* **Task item**: Reproduce the lines below exactly, from the one containing "Set against a" through the one containing "新庄社区党群服务中心2023年第四季度财务公示", both included. Leave out any pictures.

* **Data shown**:
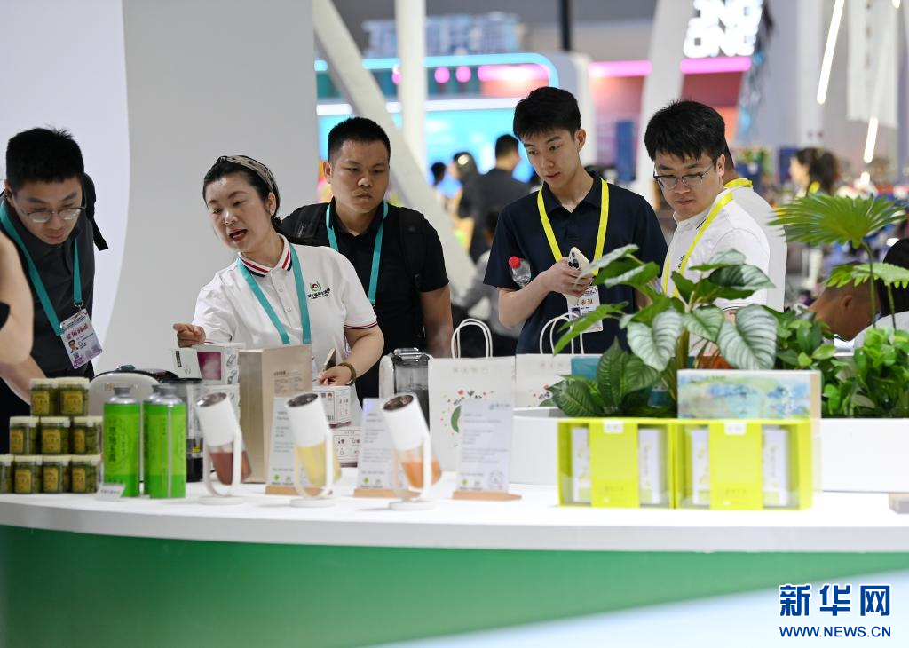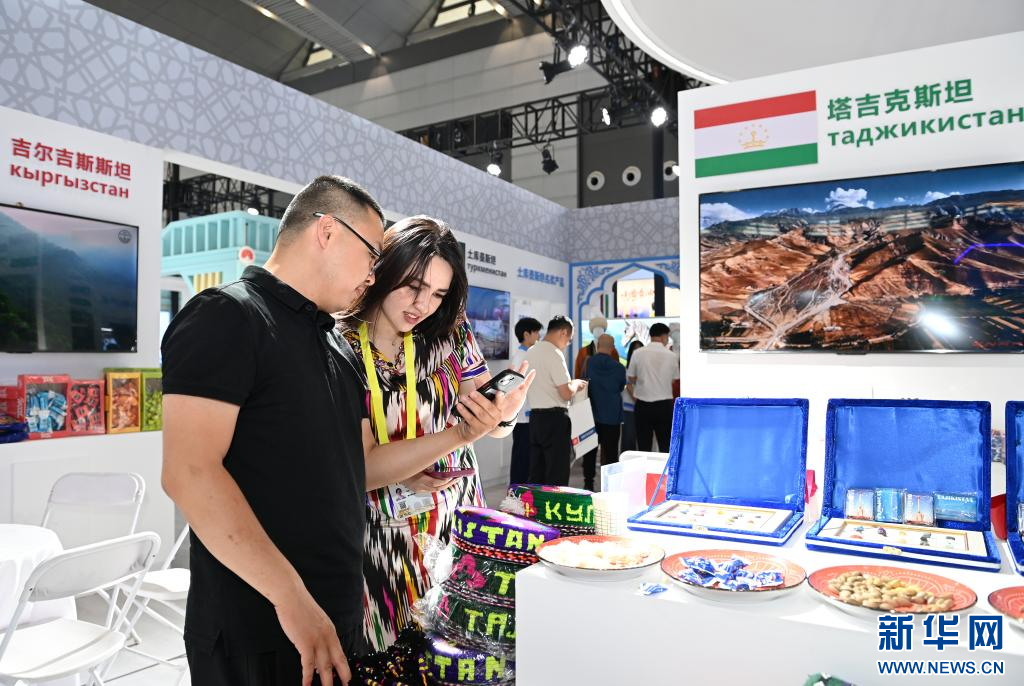 5月21日,在第九届丝绸之路国际博览会暨中国东西部合作与投资贸易洽谈会丝路优品展上,参观者了解塔吉克斯坦商品。
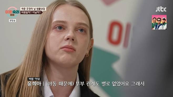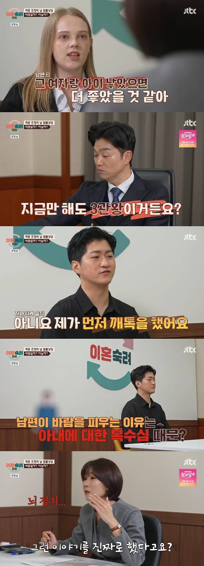 첫 번째로 바람 부부 김찬호, 윤희아가 나섰다. 남편은 '아내는 어떤 거 같냐'는 변호사의 물음에 "제가 힘들게 한 게 많으니 아직 이혼하고 싶어하지 않을까"라고 전했다.
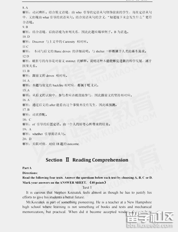| 考研英語答案 | 考研數(shù)學(xué)答案 | 政治答案 |
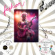 Set against a backdrop of neon lights in pink, purple, and blue, this design captures the raw energy of live music, bold fashion, and fearless self-expression.
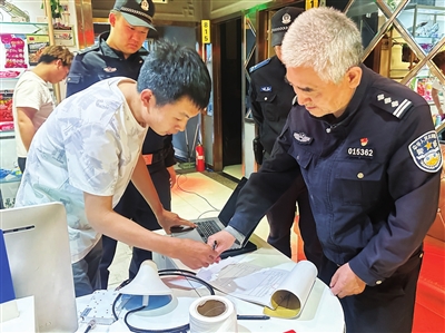 5月19日,庙前派出所民警在康隆商城、美特好超市、南海街加油站等公共场所开展治安检查,加强安全管理,提升工作人员消防安全意识及应急处突能力。辛欣 摄
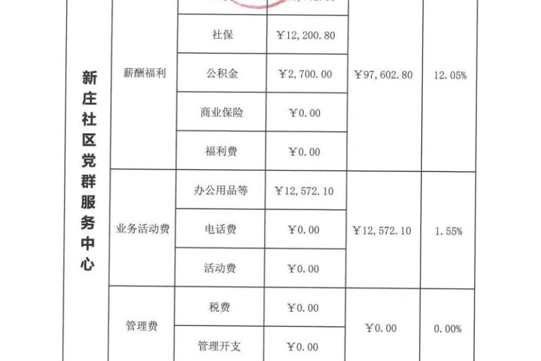新庄社区党群服务中心2023年第四季度财务公示
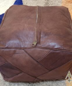 Elevate your living space with our exquisitely crafted Moroccan Leather Pouf, a testament to the skilled artisans in our small cooperative atelier. Meticulously fashioned from premium Moroccan leather, this pouf boasts an intricate and captivating geometric design, showcasing a fusion of rich cultural heritage and contemporary charm. Its versatile functionality allows for use as a footrest, additional seating, or even as a unique side table, while its inviting aesthetic effortlessly infuses a touch of bohemian elegance into any interior setting. Delivered unfilled to minimize shipping costs, this genuine Moroccan Leather Pouf is a must-have statement piece for those seeking both style and practicality.
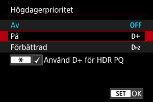 : Högdagerprioritet] är inställt till [Av] när [

* **Answer box**:
 Set against a backdrop of neon lights in pink, purple, and blue, this design captures the raw energy of live music, bold fashion, and fearless self-expression.
 5月19日,庙前派出所民警在康隆商城、美特好超市、南海街加油站等公共场所开展治安检查,加强安全管理,提升工作人员消防安全意识及应急处突能力。辛欣 摄
新庄社区党群服务中心2023年第四季度财务公示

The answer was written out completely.